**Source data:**
———

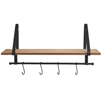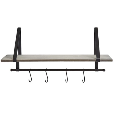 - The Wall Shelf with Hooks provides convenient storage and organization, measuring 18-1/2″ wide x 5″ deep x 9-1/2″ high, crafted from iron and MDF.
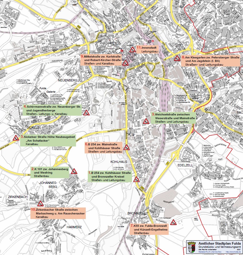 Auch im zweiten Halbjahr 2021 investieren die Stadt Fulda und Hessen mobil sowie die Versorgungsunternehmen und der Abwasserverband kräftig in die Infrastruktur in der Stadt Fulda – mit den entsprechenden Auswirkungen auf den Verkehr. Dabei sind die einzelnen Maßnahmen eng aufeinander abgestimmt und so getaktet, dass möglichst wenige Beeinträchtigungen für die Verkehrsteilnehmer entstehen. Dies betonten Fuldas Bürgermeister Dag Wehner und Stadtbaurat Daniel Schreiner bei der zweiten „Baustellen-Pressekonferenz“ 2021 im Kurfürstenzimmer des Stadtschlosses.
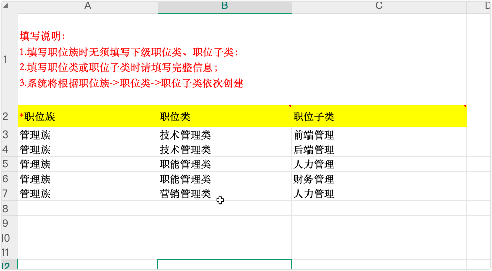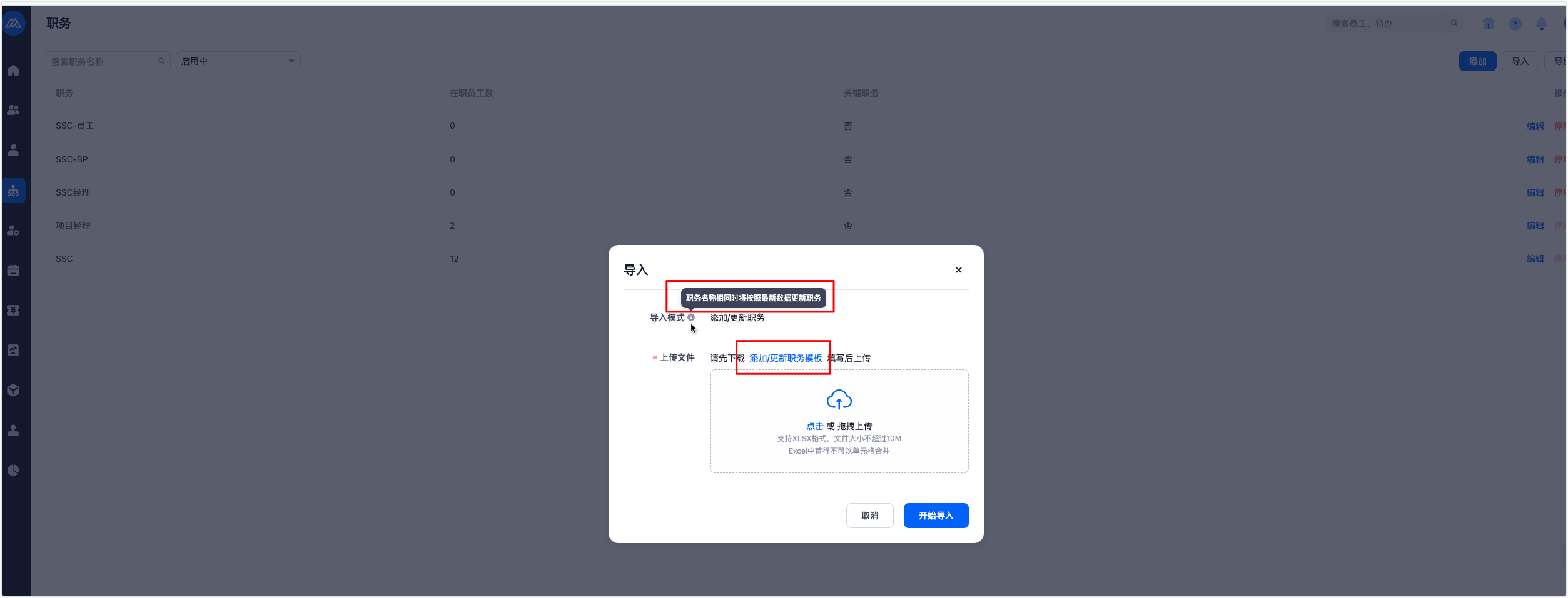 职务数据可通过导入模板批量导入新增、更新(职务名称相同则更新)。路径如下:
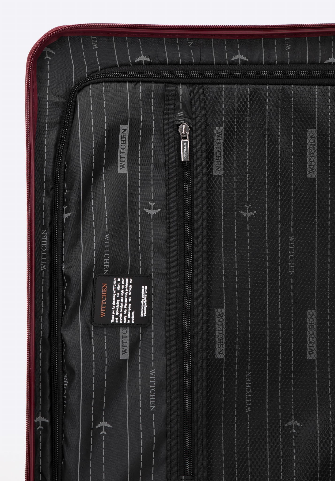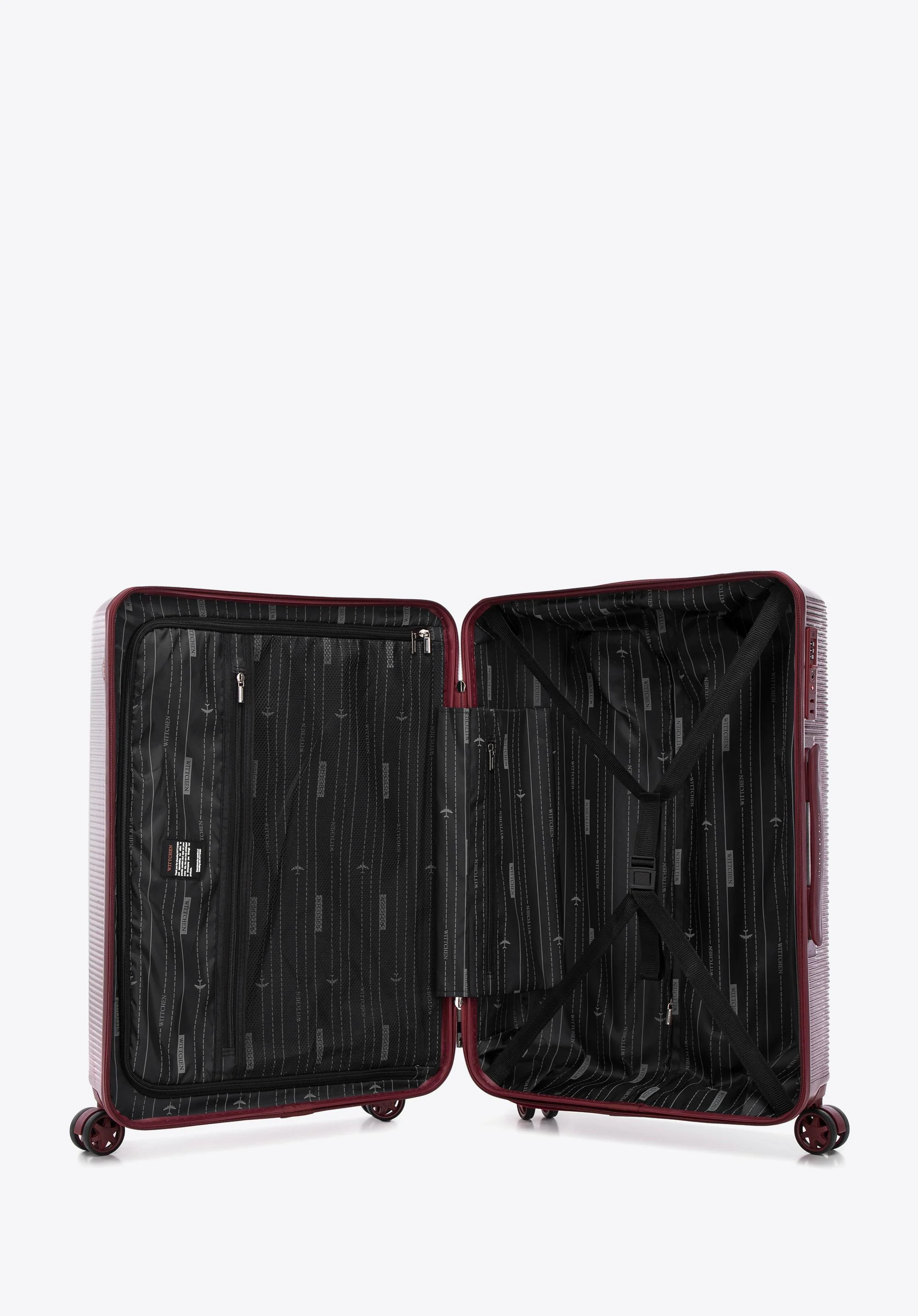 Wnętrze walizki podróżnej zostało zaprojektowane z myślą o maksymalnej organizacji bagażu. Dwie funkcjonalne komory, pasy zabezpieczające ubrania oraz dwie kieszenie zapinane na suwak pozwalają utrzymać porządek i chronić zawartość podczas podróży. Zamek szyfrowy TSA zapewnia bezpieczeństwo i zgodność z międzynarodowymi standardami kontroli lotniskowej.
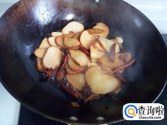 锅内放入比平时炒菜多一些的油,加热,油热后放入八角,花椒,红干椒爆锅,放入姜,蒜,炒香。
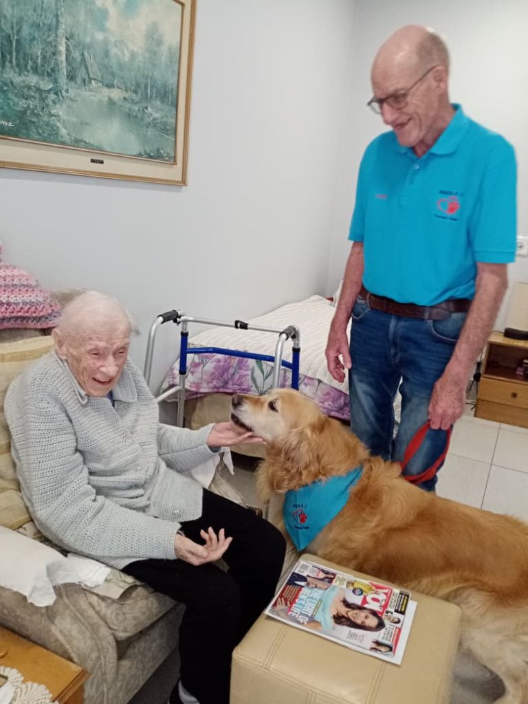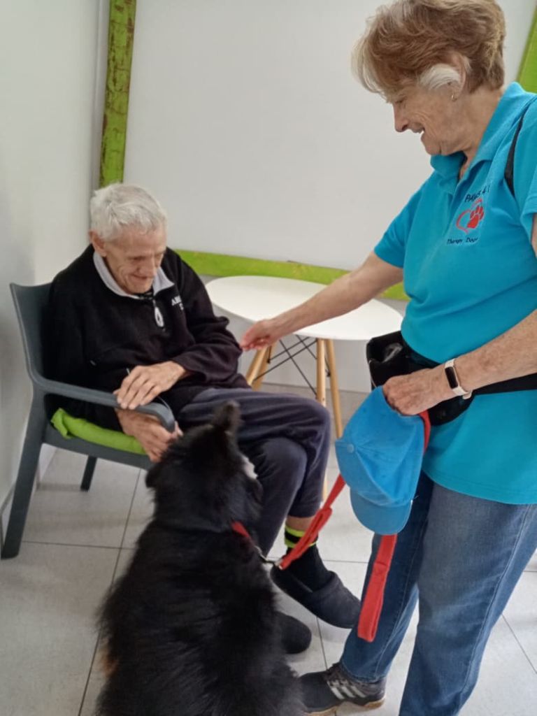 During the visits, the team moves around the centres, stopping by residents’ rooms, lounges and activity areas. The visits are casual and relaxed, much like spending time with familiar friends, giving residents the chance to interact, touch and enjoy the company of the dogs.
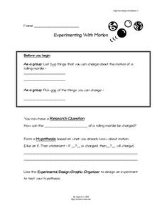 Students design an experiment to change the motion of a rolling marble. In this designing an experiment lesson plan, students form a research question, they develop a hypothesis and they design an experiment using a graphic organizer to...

———

**Your goal:** An exact copy is needed of every line from the line containing "锅内放入比平时炒菜多一些的油" to the last line of the records; pictures stay out of it.

**Solution for this task:**
 锅内放入比平时炒菜多一些的油,加热,油热后放入八角,花椒,红干椒爆锅,放入姜,蒜,炒香。
 During the visits, the team moves around the centres, stopping by residents’ rooms, lounges and activity areas. The visits are casual and relaxed, much like spending time with familiar friends, giving residents the chance to interact, touch and enjoy the company of the dogs.
 Students design an experiment to change the motion of a rolling marble. In this designing an experiment lesson plan, students form a research question, they develop a hypothesis and they design an experiment using a graphic organizer to...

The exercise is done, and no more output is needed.